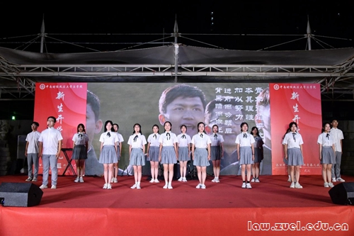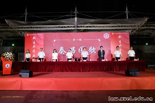 随着表演渐入尾声,典礼来到了最后一项宣誓环节。李俊副院长带领全体新生面向国旗庄严宣誓,铮铮誓言,掷地有声,“为中国法治和人类正义奋斗终身”展示着中南大法科新生昂扬向上的精神面貌、乘风破浪的拼搏气概以及一往无前的奋斗姿态,中南财经政法大学法学院2021级新生开学典礼圆满结束。
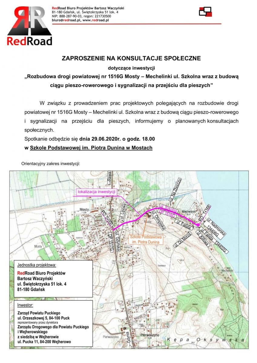 Biuro projektów, działające w imieniu Zarządu Drogowego dla Powiatu Puckiego i Wejherowskiego, wraz z wójtem gminy Kosakowo zapraszają mieszkańców na konsultacje społeczne w sprawie przygotowania inwestycji pn.: „Rozbudowa drogi powiatowej nr 1516G Mosty – Mechelinki ul. Szkolna wraz z budową ciągu pieszo-rowerowego i sygnalizacji na przejściu dla pieszych”.
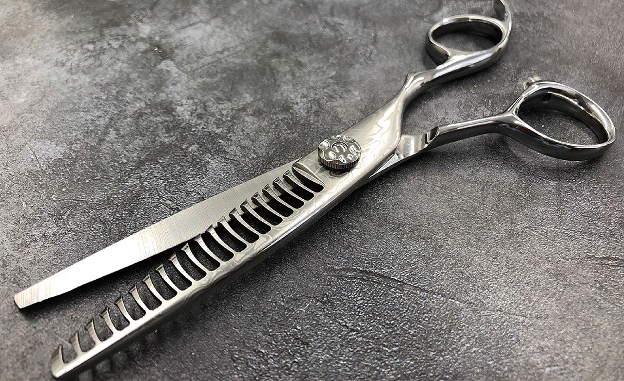 特殊クシ刃形状が特徴の新型目数19目のダマスカスセニング。ダマスカス特有の柔らかい切れ味で髪の毛へのダメージも少なく、特殊形状により抜けも良い。
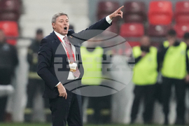 Serbia's head coach Dragan Stojkovic reacts during the World Cup Group K qualifying soccer match between Serbia and Albania, at the Dubocica Stadium in Leskovac, Serbia, Saturday, Oct. 11, 2025. (AP Photo/Darko Vojinovic)
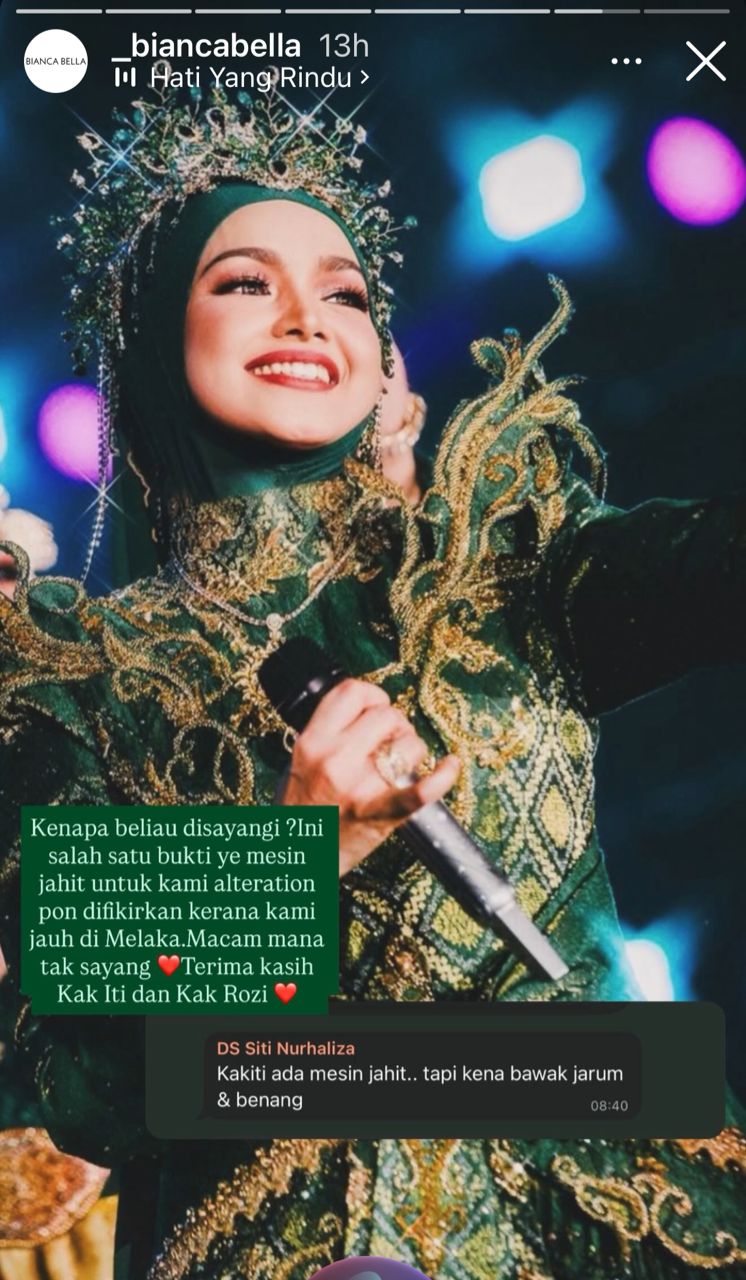 “Tak mudah seorang Biduanita Negara sanggup bawa mesin jahit sendiri ke belakang pentas. Itulah sebabnya beliau disayangi semua,” katanya yang kagum dengan siikap merendah diri Siti Nurhaliza sepanjang berkerjasama dan ia turut dikongsikan dalam hantaran Instagram story akaun Bianca Bella.
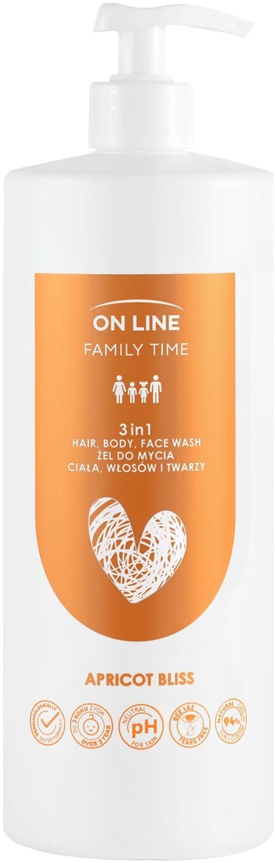 ON LINE Family Time el do mycia ciaa ,wosów i twarzy 3w1 - Apricot Bliss 850 ml
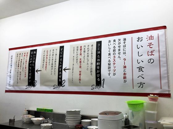 「油そばのおいしい食べ方」の説明があり、
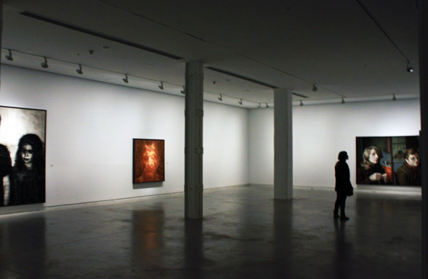 Las obras de la pared que son como vitrinas son muy misteriosas. Todas con puntos de fuga escondido, oscuras ¿A qué hacen referencia?Estas obras son como escapes, puntos de referencia para la vida en algún sentido. Son como anclajes que sentimos que en momentos como estos son necesarios para no sentirse, no sentirnos desvalidos. Entre ellas son todos distintas: algunas con la tecnología, otras con la ciudad, de vuelta con la naturaleza. Todas tienen un asidero real que no es relevante. Por ejemplo, esta está basada en los espacios un poco siniestros de lo religioso.
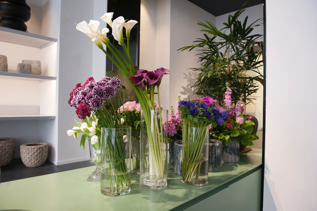 E’ qui che su dei grandi banchi verdi sono esposte le creazioni e le scenografie floreali, vasi e diversi
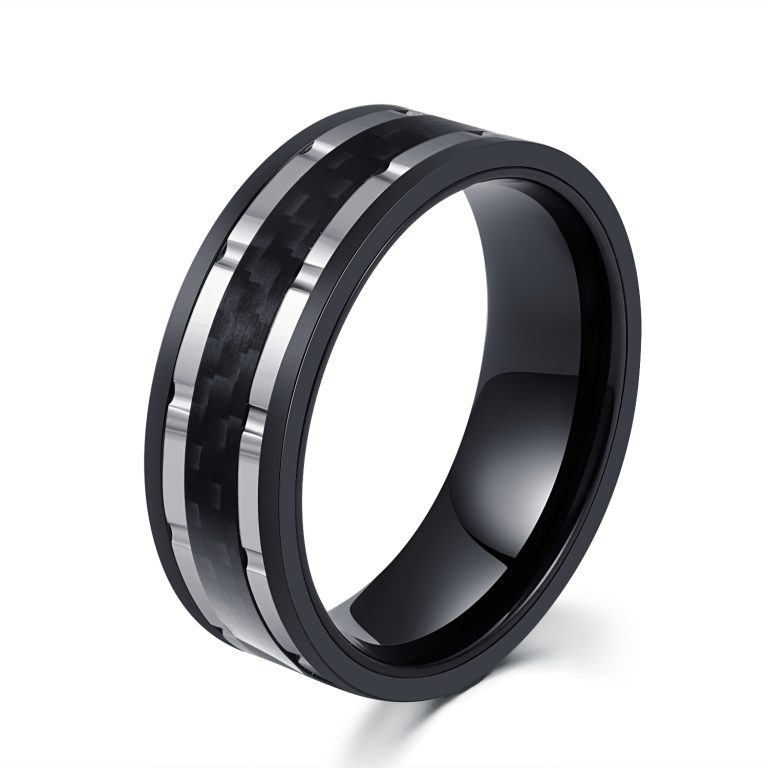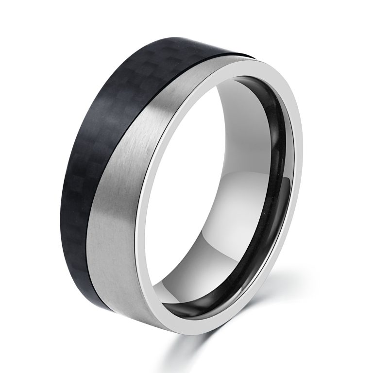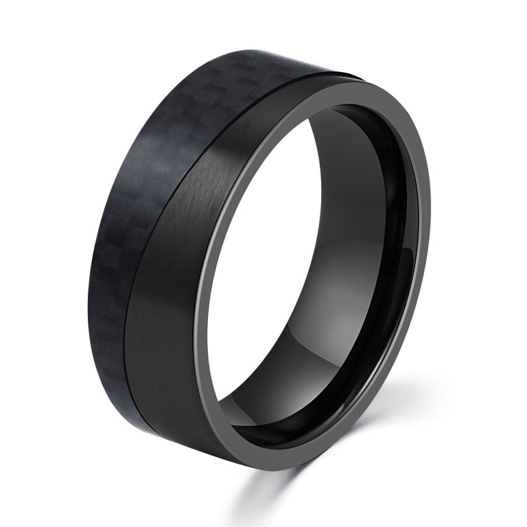Antiqued Black IP Plated & Solid Carbon Fiber Ring

* [Exercise instructions]: The lines from the start of the data through the line that contains "Serbia's head coach" are to be returned exactly, please, with both ends included and every picture left out.

* [Task solution]:
 随着表演渐入尾声,典礼来到了最后一项宣誓环节。李俊副院长带领全体新生面向国旗庄严宣誓,铮铮誓言,掷地有声,“为中国法治和人类正义奋斗终身”展示着中南大法科新生昂扬向上的精神面貌、乘风破浪的拼搏气概以及一往无前的奋斗姿态,中南财经政法大学法学院2021级新生开学典礼圆满结束。
 Biuro projektów, działające w imieniu Zarządu Drogowego dla Powiatu Puckiego i Wejherowskiego, wraz z wójtem gminy Kosakowo zapraszają mieszkańców na konsultacje społeczne w sprawie przygotowania inwestycji pn.: „Rozbudowa drogi powiatowej nr 1516G Mosty – Mechelinki ul. Szkolna wraz z budową ciągu pieszo-rowerowego i sygnalizacji na przejściu dla pieszych”.
 特殊クシ刃形状が特徴の新型目数19目のダマスカスセニング。ダマスカス特有の柔らかい切れ味で髪の毛へのダメージも少なく、特殊形状により抜けも良い。
 Serbia's head coach Dragan Stojkovic reacts during the World Cup Group K qualifying soccer match between Serbia and Albania, at the Dubocica Stadium in Leskovac, Serbia, Saturday, Oct. 11, 2025. (AP Photo/Darko Vojinovic)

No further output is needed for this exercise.